First Sunday of Lent – March 13

Mark 12:28-34
One of the scribes came near and heard them disputing with one another, and seeing that he answered them well, he asked him, ‘Which commandment is the first of all?’ Jesus answered, ‘The first is, “Hear, O Israel: the Lord our God, the Lord is one; you shall love the Lord your God with all your heart, and with all your soul, and with all your mind, and with all your strength.” The second is this, “You shall love your neighbor as yourself.” There is no other commandment greater than these.’ Then the scribe said to him, ‘You are right, Teacher; you have truly said that “God is one, and besides God there is no other”; and “to love God with all the heart, and with all the understanding, and with all the strength”, and “to love one’s neighbor as oneself”,—this is much more important than all whole burnt-offerings and sacrifices.’ When Jesus saw that he answered wisely, he said to him, ‘You are not far from the kingdom of God.’ After that no one dared to ask him any question.

“Dream, Think, Be, Do”

To “Dream” is to Love with the heart. To love with the heart is often to give oneself over. For us as followers of the Way, to love with the heart is to give ourselves over to the journey. Too often we want to map out the whole itinerary, start to finish with no surprises. To give ourselves over to the journey means to dream open-endedly. It means to follow without knowing.

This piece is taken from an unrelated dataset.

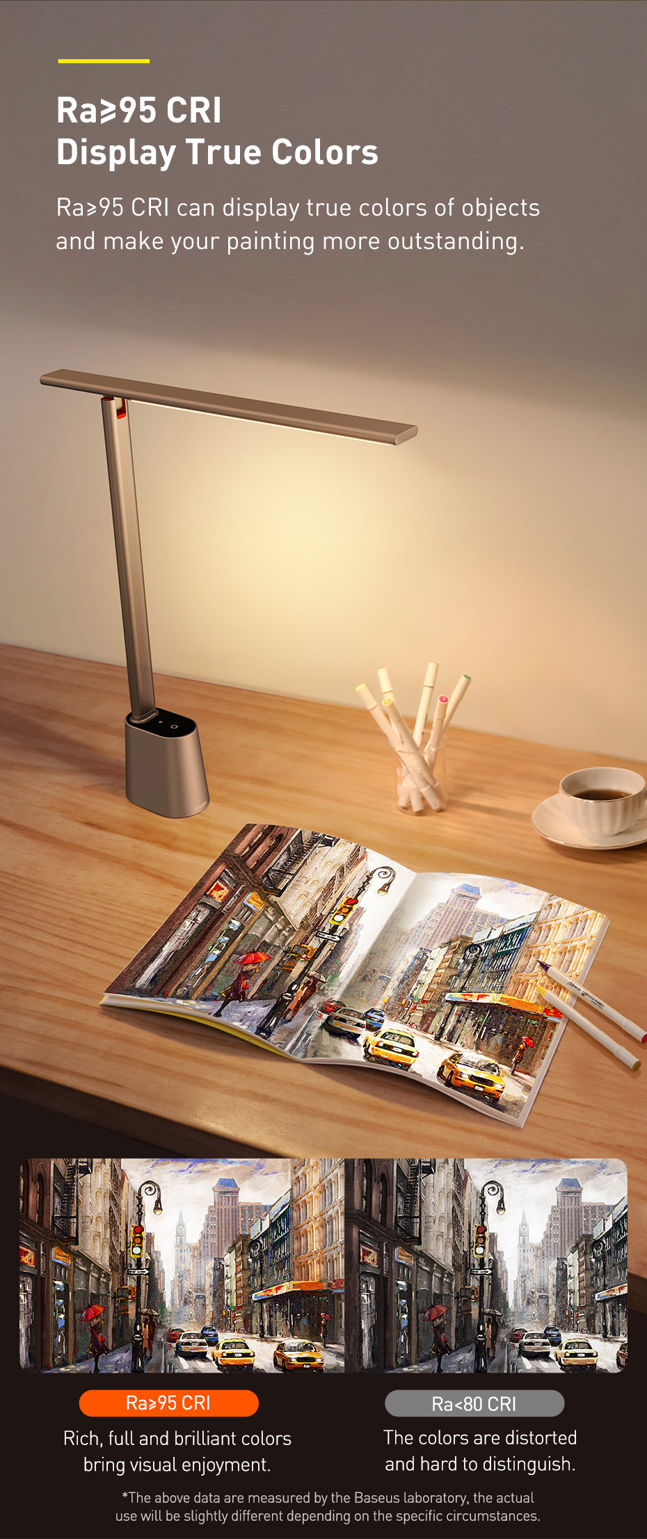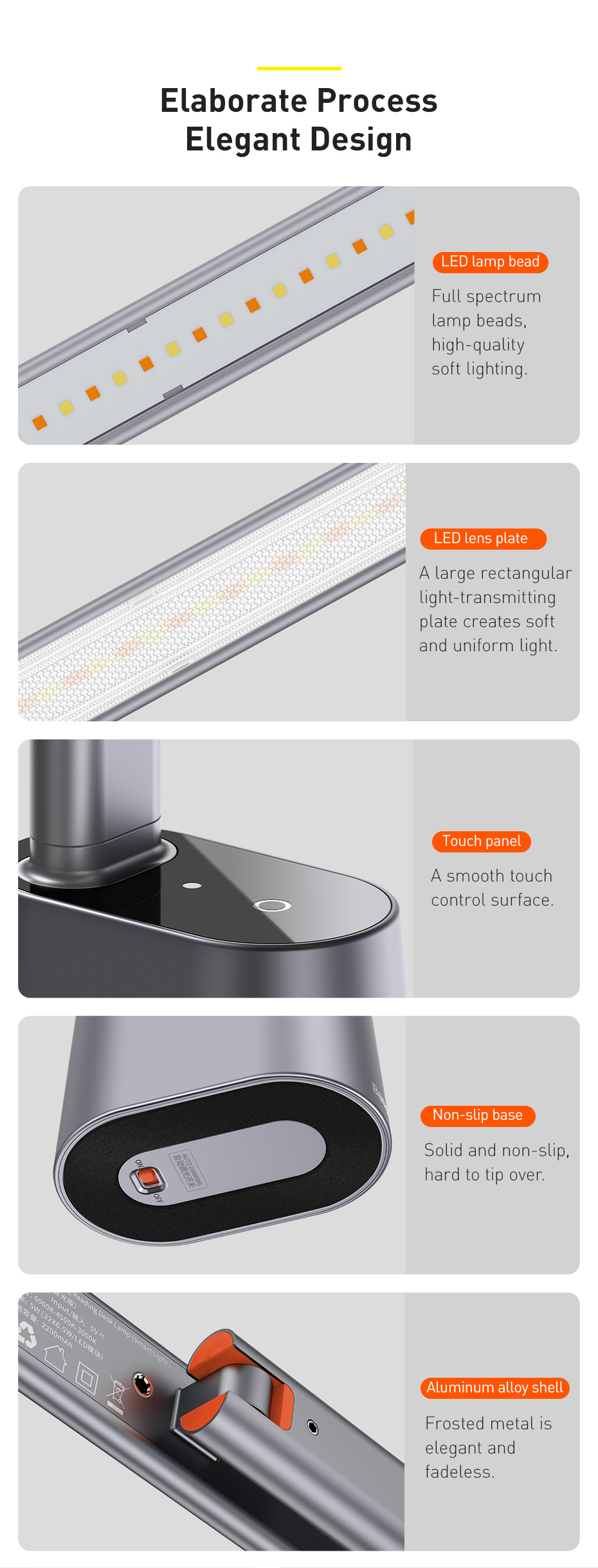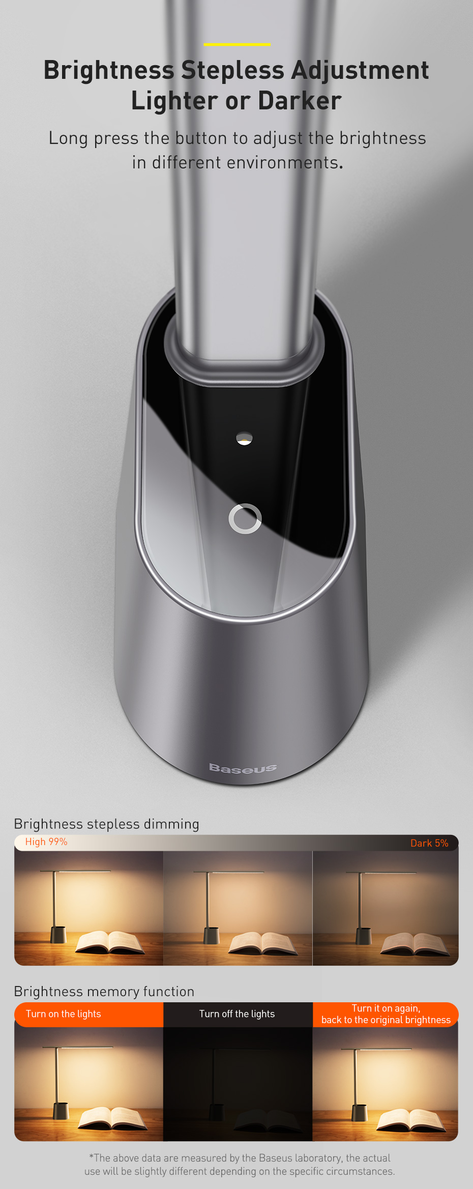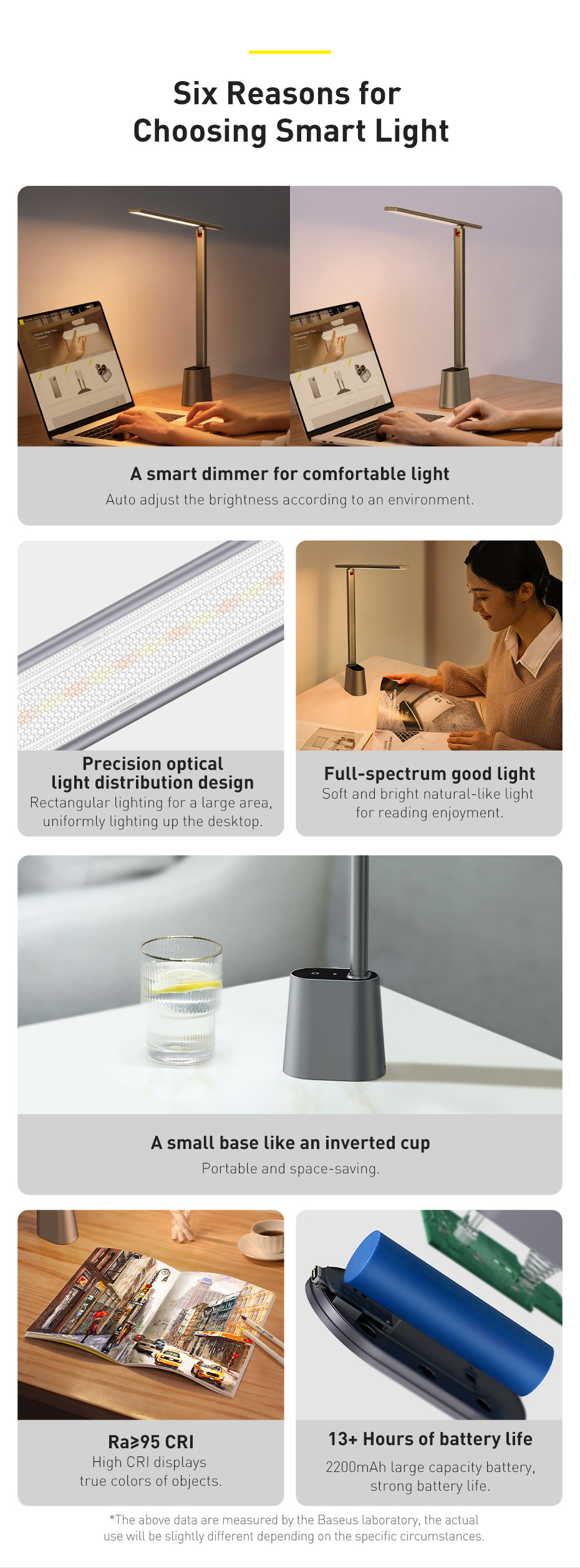 چراغ مطالعه رومیزی هوشمند قابل شارژ بیسوس، دارای نور یکنواخت و بدون پرتوی آبی برای محافظت از چشم توسط ۳۲ عدد LED که روی آنها قطعهای مستطیلی شکل قرار داده شده است که کمک میکند نور شکست داشته باشد و به خوبی در محیط گستردهتری پخش شود، به این ترتیب فضای وسیعتری پوشش داده خواهد شد.

At the beginning of this Lenten journey, though we know its end is ultimately Easter, it means to dream of a journey that we don’t fully know. We are invited to entertain uncertainty. “I don’t know” is also a statement of faith. This is not a case of the blind leading the blind. It is a proclamation of faith that ultimately God will guide us, no matter how confused we seem to be! It is also not that we give ourselves to irrational behavior, but to admit that our best rationality still cannot grasp the depths of God.

We experience the overwhelming awe of God when we admit the limits of our won knowledge.

Yvette Flunder preaches powerfully on the gift of not knowing:  http://www.youtube.com/watch?v=oXtE7zmN5MM

This is a clip from the DreamThinkBeDo study and I want to run at least part of it on Sunday.